→ **WHAT NEEDS TO BE DONE**
From the line with "스퀘어토 디자인의 블랙 가죽 펌프스, 낮은 힐로 쾌적한 착용감." to the line with "左下に見えるアーシング、コーナンで買った激安アーシングセットです!!", retype each line exactly as it stands in the records below, but skip the pictures.

→ **DATASET CONTENT**

↓↓↓

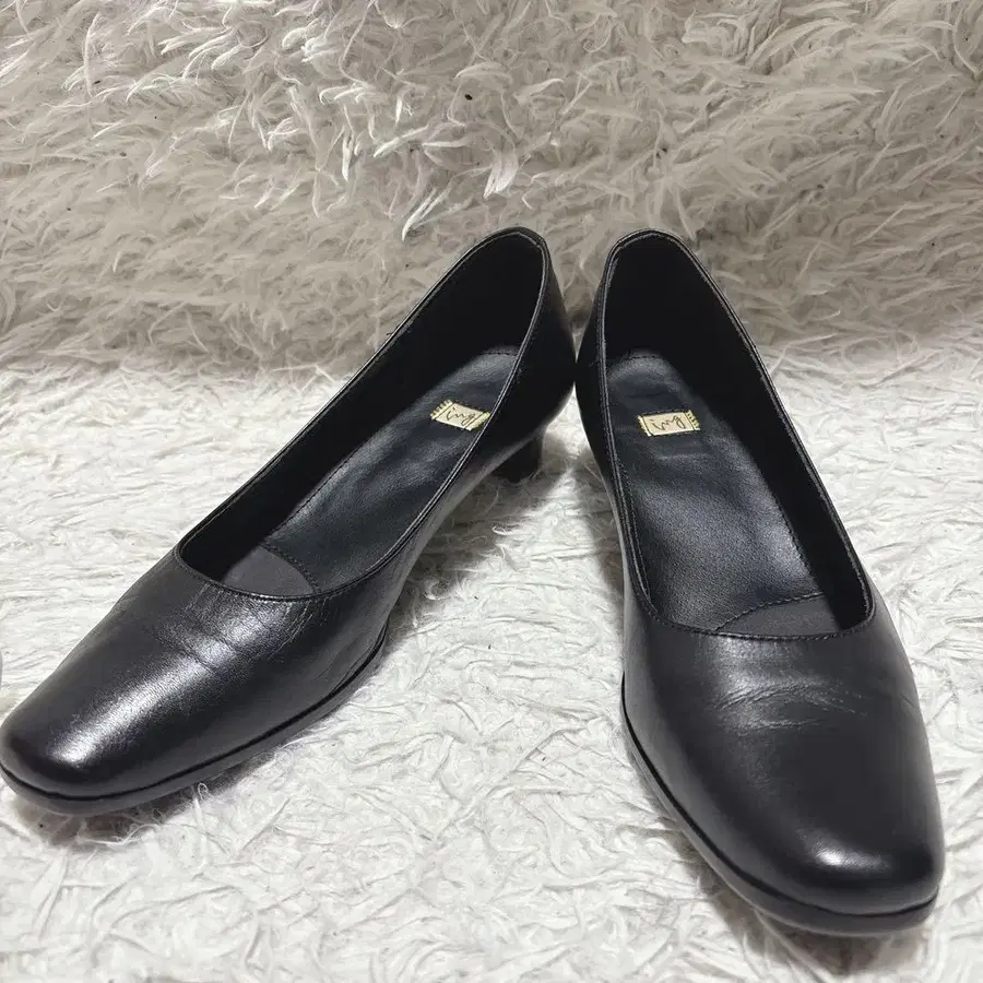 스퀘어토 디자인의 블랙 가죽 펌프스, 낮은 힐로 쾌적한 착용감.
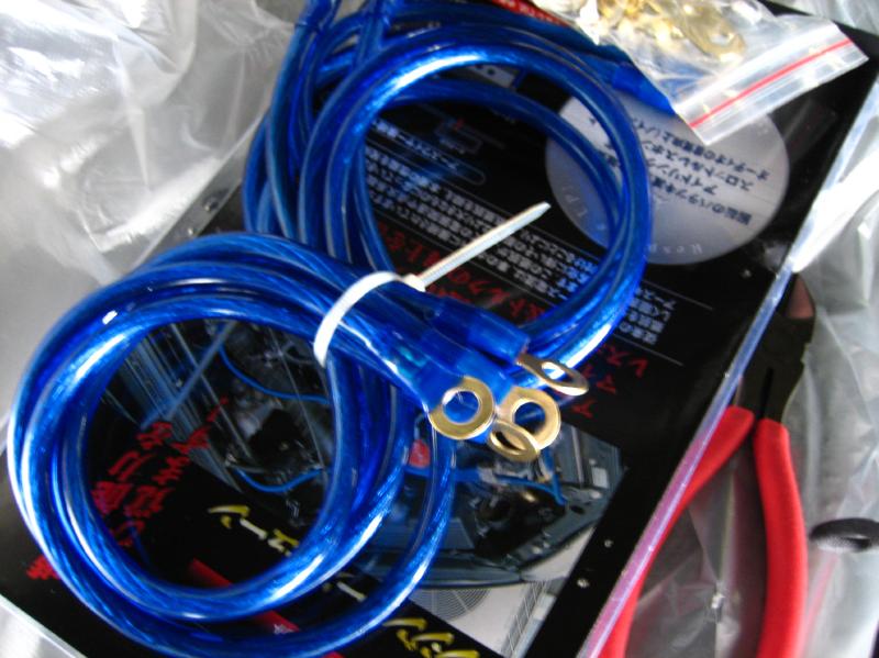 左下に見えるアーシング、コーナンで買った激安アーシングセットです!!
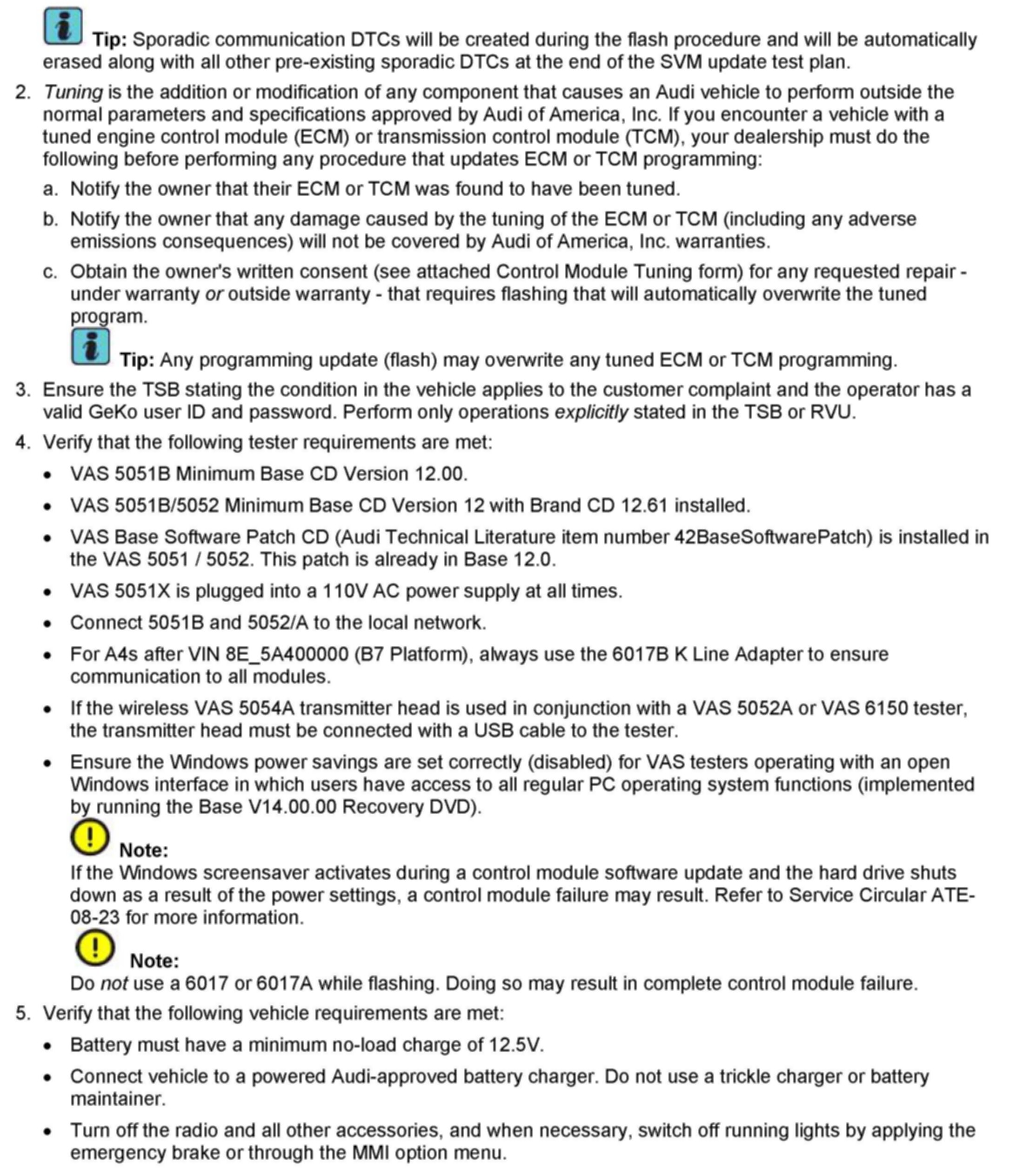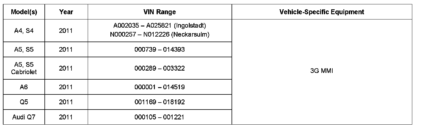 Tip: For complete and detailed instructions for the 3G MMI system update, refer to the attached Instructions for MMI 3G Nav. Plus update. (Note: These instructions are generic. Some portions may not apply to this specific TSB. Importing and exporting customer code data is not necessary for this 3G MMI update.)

↑↑↑
↓↓↓

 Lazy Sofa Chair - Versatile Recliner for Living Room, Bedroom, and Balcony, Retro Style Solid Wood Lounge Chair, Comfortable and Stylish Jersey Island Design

↑↑↑

→ **PROBLEM SOLUTION**
 스퀘어토 디자인의 블랙 가죽 펌프스, 낮은 힐로 쾌적한 착용감.
 左下に見えるアーシング、コーナンで買った激安アーシングセットです!!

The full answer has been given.